Dixon Manufacturing Company, which makes aluminum alloy wheels for automobiles, recently introduced a new luxury wheel that fits small sports cars. The company developed the following standards for its new product.
Amount of direct materials per wheel ......... 2 pounds
Price of direct materials per pound .......... $7.50
Quantity of labor per wheel ............ 2.5 hours
Price of direct labor per hour ........... $16.00/hour
Total budgeted fixed overhead .......... $168,000
In its first year of operation, Dixon planned to produce 3,000 sets of wheels (four wheels per set). Because of unexpected demand, it actually produced 3,600 sets of wheels. By year-end, direct materials purchased and used amounted to 30,000 pounds of aluminum at a cost of $234,000. Direct labor costs were actually $16.80 per hour. Actual hours worked were 2.2 hours per wheel. Overhead for the year actually amounted to $180,000. Overhead is applied to products using a predetermined overhead rate based on the total estimated number of wheels to be produced.
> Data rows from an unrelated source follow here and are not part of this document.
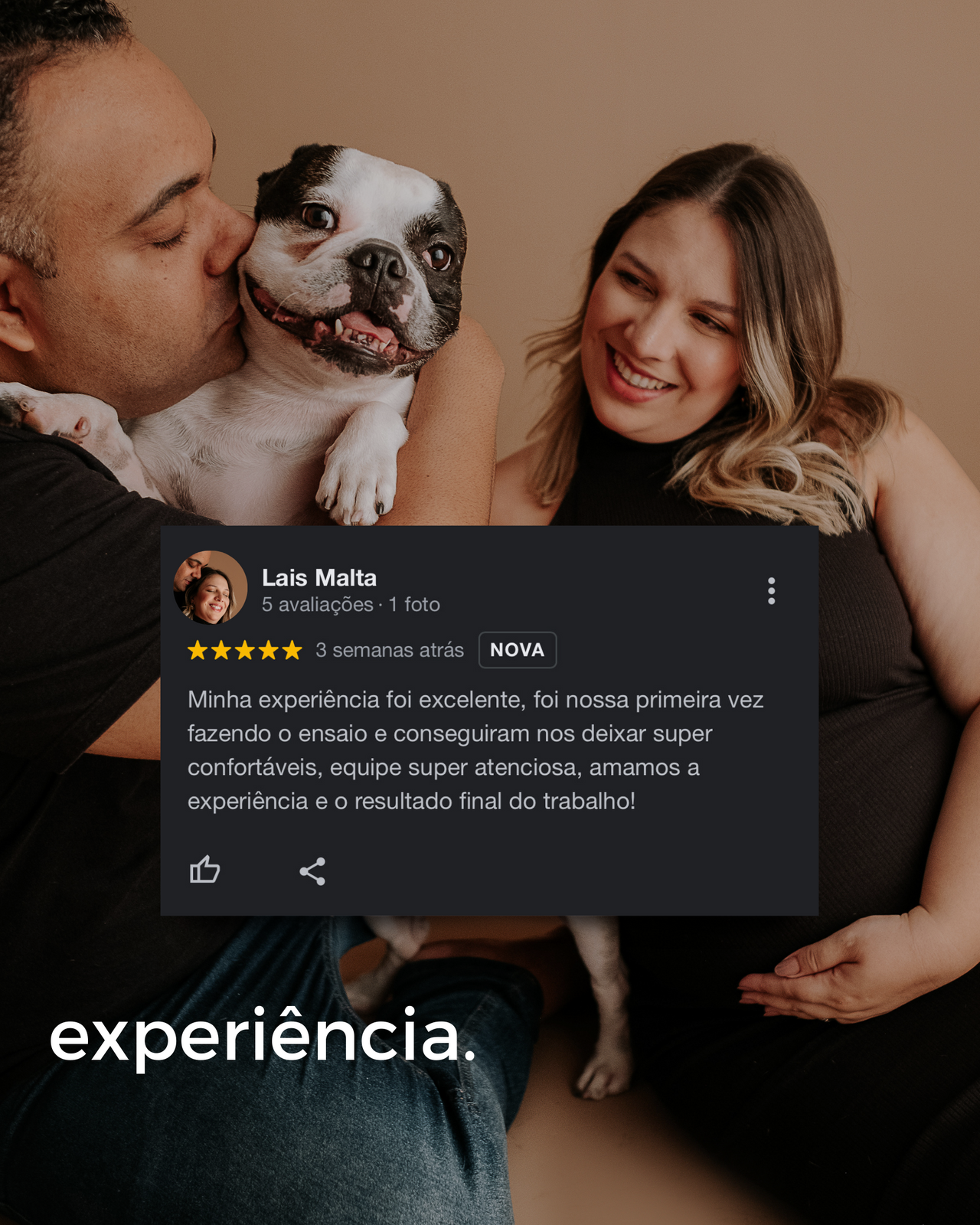 Além de um briefing que nos ajuda a te conhecer melhor e trazer mais algumas novas ideias para o seu ensaio.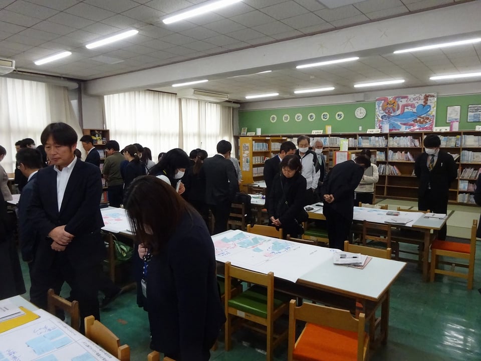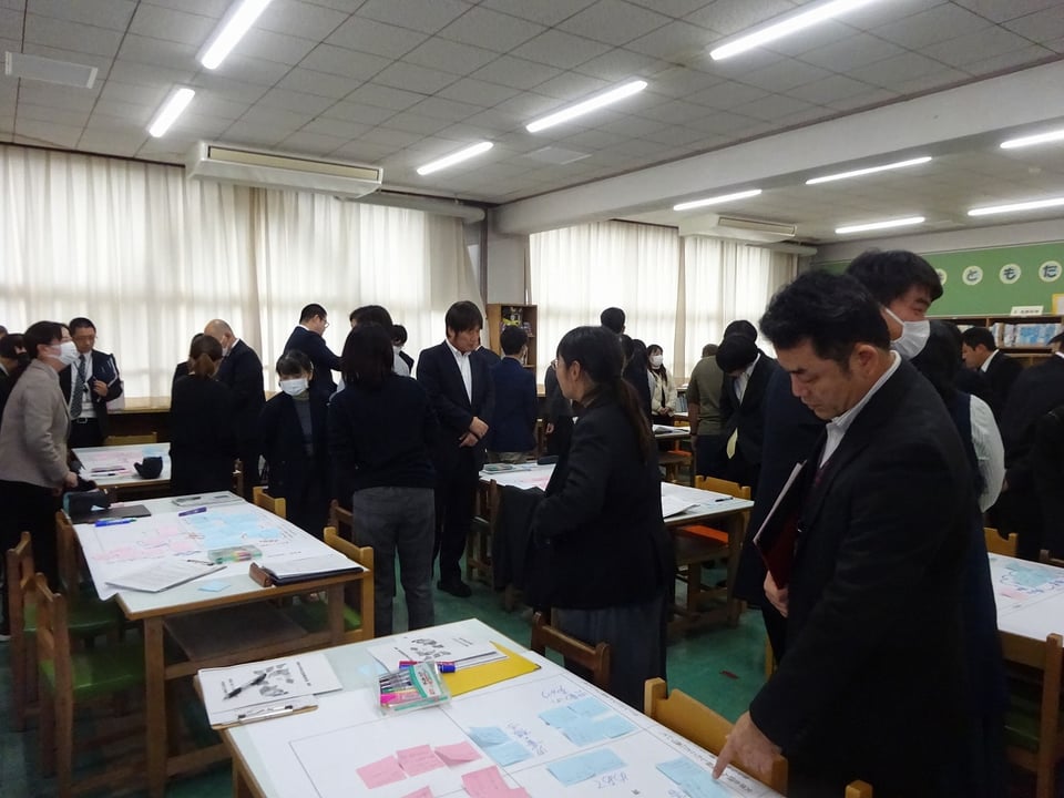 子どもたちが給食を食べて下校した後、神原中校区で授業の研究会がありました。今年度は神原小学校が授業をする学校だったので、神原中校区の教職員が神原小に集まり、5年生の国語の授業を参観しました。その後、研究協議会が開かれ、神原小、見初小、神原中の先生方が一緒になって、意見交換を行いました。中学校の先生方と授業についての話をする機会はとても貴重でした。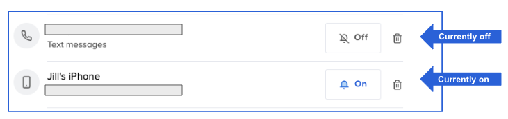 - Review your Notification settings and enable the device you want to receive messages as the blue bell indicates. A gray icon means the device is turned off and will not receive messages.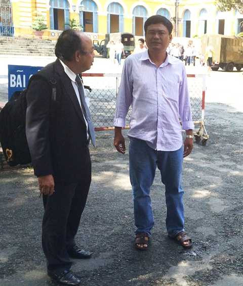 | Bị cáo Nguyễn Tuyến Dũng (phải) được cho tại ngoại ngay phiên tòa phúc thẩm. Ảnh: Tử Long |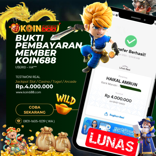 KOIN688 adalah Situs Togel Online & Slot Online di Indonesia. Dengan menyediakan berbagai macam permainan yang seru dan menarik di KOIN688, maka anda tidak perlu ragu lagi untuk bergabung dan bermain bersama kami situs judi online terpercaya yang akan membayar berapapun kemenangan anda. Hanya dengan 1 User ID anda sudah dapat memainkan semua permainan mulai dari togel, Live casino sampai Slot online yang pastinya seru dan menyenangkan.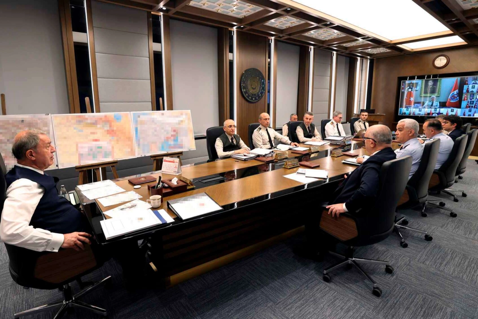 ANKARA (İGFA) - Millî Savunma Bakanı Hulusi Akar başkanlığında Genelkurmay Başkanı Org. Yaşar Güler, Kara Kuvvetleri Komutanı Orgeneral Musa Avsever, Deniz Kuvvetleri Komutanı Oramiral Adnan Özbal, Hava Kuvvetleri Komutanı Orgeneral Hasan Küçükakyüz, Bakan Yardımcısı Yunus Emre Karaosmanoğlu ve birlik komutanlarının katılımıyla video telekonferans toplantısı düzenlendi.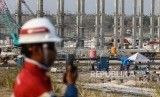 Pekerja beraktivitas di area Proyek Pengembangan Lapangan Gas Unitisasi Jambaran-Tiung Biru (JTB) usai prosesi Tajak Sumur di Desa Bandungrejo, Bojonegoro, Jawa Timur, Rabu (9/10/2019). (FOTO : Rivan Awal Lingga/ANTARA FOTO)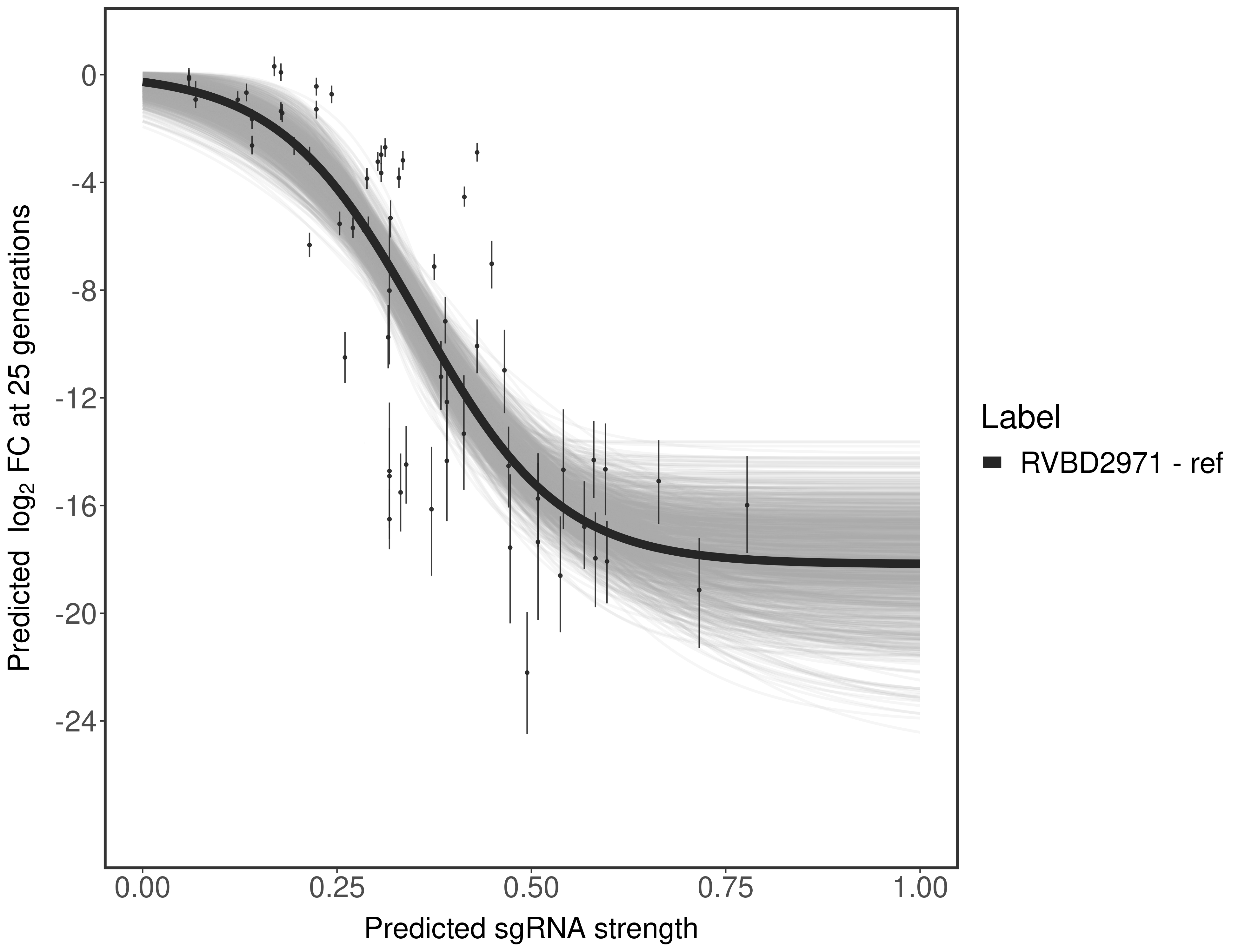 In order to quantify gene vulnerability, data were subsequently analyzed with a hierarchical model at the sgRNA level (two-line model) and gene level (Hill curve). The vulnerability quantification is shown below. [More information]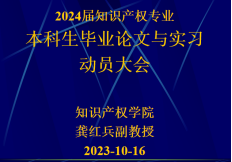 在本次实习动员大会上,知识产权系系主任龚红兵老师强调了实习环节的重要性,他指出:本科生的实习环节是人才培养方案中的重要内容。法学学科要突出其实践性特点,只有将法学实践和法学理论的结合才能创造更大的价值;对于即将要毕业的大四学生,进行了三年紧张而充实的法学理论学习,需要通过实际工作中,把法学理论运用于司法实践中,真正解决司法实践中所遇到的具体问题。

Round all computations to two decimal places.
a. Compute the standard cost per wheel for direct materials, direct labor, and overhead.
b. Determine the total standard cost per wheel.
c. Compute the actual cost per wheel for direct materials, direct labor, and overhead.
d. Compute the actual cost per wheel.
e. Compute the price and usage variances for direct materials and direct labor. Identify any variances that Dixon should investigate. Based on your results, offer a possible explanation for the labor usage variance.
f. Compute the fixed manufacturing overhead cost spending and volume variances. Explain your findings.